No. Categorically wrong and already corrected earlier in the thread. The court ruled Hobby Lobby could not be compelled to pay for those particular pieces of the health plan. They then recommended that the regulators extend the same exemption (i.e. having to pay for that portion) that they extended to religious non profits. Essentially their employees get that coverage, it's just that Hobby Lobby doesn't pay for it. Generally the insurers are absorbing this hit from the exempted non profits themselves because they see long run it's cheaper than paying for pregnancies.
The real test will be Wheaton College who is challenging that being exempt from paying for that coverage is not enough to satisfy their religious rights under RFRA. They are arguing that allowing their employer insurance plan to offer those contraceptions for even free is forcing them to support this aberrant and immoral practice (from their perspective).

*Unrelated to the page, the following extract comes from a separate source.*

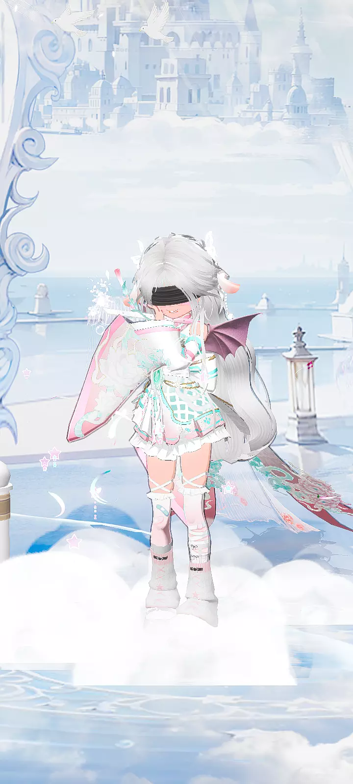 -✔️配饰:黑色眼罩遮挡眼部(增添神秘氛围),背后一对粉紫渐变小恶魔翅膀(妖族标志性元素),还有灵动飘带点缀,强化奇幻感。#吗喽精选#申请精华

That case will have the farther reaching implications on this issue.
Prior to the hobby lobby ruling the way health insurance worked was largely up to the worker in question - if you wanted to use it for a form of birth control that your boss didn't like, that was your decision.
Your health insurance was part of your cost-to-company, and largely your business.
Now your boss can go to your insurance company and say "Well, I don't approve of this, so I am not paying."
It is no longer your health insurance - it is no longer your health, it is your owner's health insurance.
It doesn't matter what your religious beliefs are - it matters what your boss's religious beliefs are.
As to claiming that for example, insurance companies can just absorb the cost - they're much more likely to just not cover it because why pay for something they don't have to?
Edit:
Oh, and the specific workaround you are pointing to was disallowed by an emergency order that evening.